Torque is the job submission and execution system that our cluster uses. Think of it as a batch operating system. You submit a job (a program to run), and it queues it up, selects nodes/resources to allocate to it when they are available, runs the job, and cleans up after it.
Shortcut demo:
**DO NOT** login to individual compute nodes and directly run programs on them! Yes, you CAN login (using ssh) to the compute nodes from the head node, but use this only to check on your jobs as they are running or for other inspection tasks (e.g., you can run "nvidia-smi" on a GPU compute node to see info about the NVidia card). IF YOU NEED to interactively run some compute-intensive programs, use a Torque interactive session to do this (see below).
**DO NOT** run "mpirun" on the head node (bigdat.nmsu.edu) with a hostlist file that lists compute nodes! If you need to do small testing runs while developing, you can use "mpirun" on the head node and just run locally -- the head node has 16 cores (32 hyperthreads) and so you can run a few MPI processes locally, but only do this for short test runs, not for actual computation runs.
The Torque commands all begin with "q", and options in submission scripts and environment variables are identified with "PBS" (because Torque is a derivation of the original PBS job system).
The most common commands you will use are:
Command | Description |
---|---|
qsub <job-script> | submit a job that is embodied in the named script |
qstat | show the status of your queued and running jobs |
qstat -f <jobid> | show detailed information on an existing job id # |
qdel <jobid> | delete a queued job and/or kill a running job |
qpeek <jobid> | look at the latest stdout output of a running job |
qsub -I -l <res> | start an interactive job with resources listed |
For both the batch and interactive usage of the "-l" (dash-ell) resource specification option, the format of the options is:
nodes=#:ppn=#:resname
where the first # is the number of cluster nodes you want to reserve (up to 10), the second # is the number of cores/threads you want per node (up to 48), and the "resname" is the resource name you want to allocate the nodes from. We have the following resources:
Resource | Description |
---|---|
nodes | all cluster nodes |
gpu-all | all the nodes with GPUs on them |
gpu-himem | the nodes with GPUs that are memory-expandable |
gpu | the nodes with GPUs that are not memory expandable |
fpga-all | all the nodes with FPGAs on them (but not installed yet) |
fpga-himem | the nodes with FPGAs that are memory-expandable |
fpga | the nodes with FPGAs that are not memory expandable |
The IMPORTANT thing to know is that Torque keeps track of resource allocation per core/thread, so if you do not request ppn=48, then Torque could allocate another job running on the same node as yours (if it also does not ask for ppn=48). So if you want to make sure that no other jobs share your nodes (e.g., for consistent performance evaluation data for a paper), make sure you use ppn=48. BUT SEE the next paragraph for MPI.

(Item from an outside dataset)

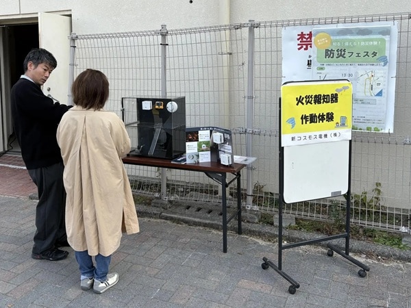 担当者の新コスモス電機リビング営業本部開発営業部の嶋田耕一氏は、「このたびは防災フェスタに出展の機会をいただき、淀川区社会福祉協議会様、淀川区まちづくりセンター様には心より御礼申し上げます。新コスモス電機のブースにお立ち寄りいただいた皆様には、煙流動装置による火災警報器の作動体験を通じて、一酸化炭素検知機能付き火災警報器『プラシオ』の早期検知性能をご理解いただけたことを嬉しく思います。なお、当社の淀川工場は淀川区の津波避難ビルに指定されており、地域の皆さまと連携して今後も防災力の向上に一層努めてまいります」とコメントしている。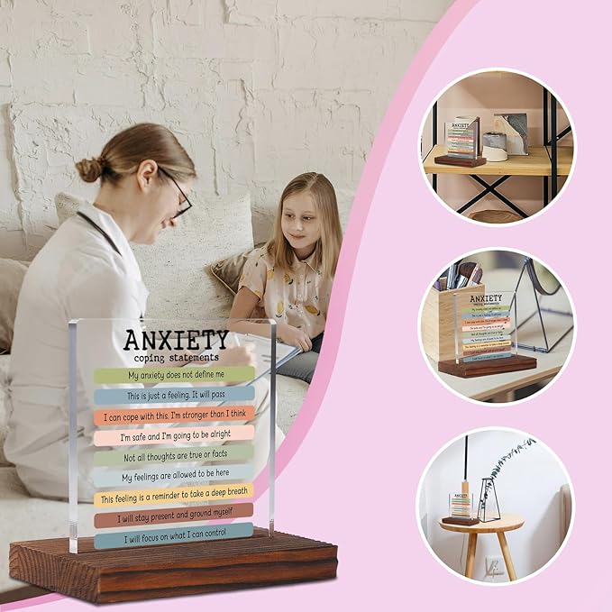 - Therapist Office Decor Plaque: This sign not only decorates but also serves a therapeutic purpose, reminding clients and therapists alike of the effective strategies for managing anxiety and staying grounded in challenging situations.

If you are running an MPI program, mpirun will automatically create one MPI process for each core/thread on all nodes (e.g., nodes x ppn). If you are using MPI+OpenMP (or some other local threading capability) and you want only one MPI process per node, then you'll need to do something special. This is because Torque automatically creates a host file for mpirun to use, and it repeats each node name the number of time for the ppn value. If you only want one MPI process per node but still need to allocate the entire node, you need to do something like in your job script:
uniq ${PBS_NODEFILE} > ${PBS_WORKDIR}/tmphostfile mpirun -hostfile ${PBS_WORKDIR}/tmphostfile myMpiProgram ...
This will take the generated host file ${PBS_NODEFILE} and create a file with just one entry for each unique node name. You may also need to do a custom "-np #" option on mpirun, too.
If you need to use an interactive session (e.g., you want to run your GPU program or other program by hand), you can use "qsub -I". This will create and allocate a job, and then open up a shell on the first node in your job allocation. You end the session/job by typing "exit" in the shell.
If you just need one node, use something like "qsub -I -l nodes=1:ppn=48:gpu-all" Using "ppn=48" will ensure that no one else will be allocated on your node. The "gpu-all" ensures that your node will be one of the nodes with a GPU on it.
You CAN ask for more nodes in an interactive session, but such a use is more complicated, and I would certainly recommend against running MPI programs this way! It might be useful for debugging and testing, though.
Be SURE to "exit" from the interactive session!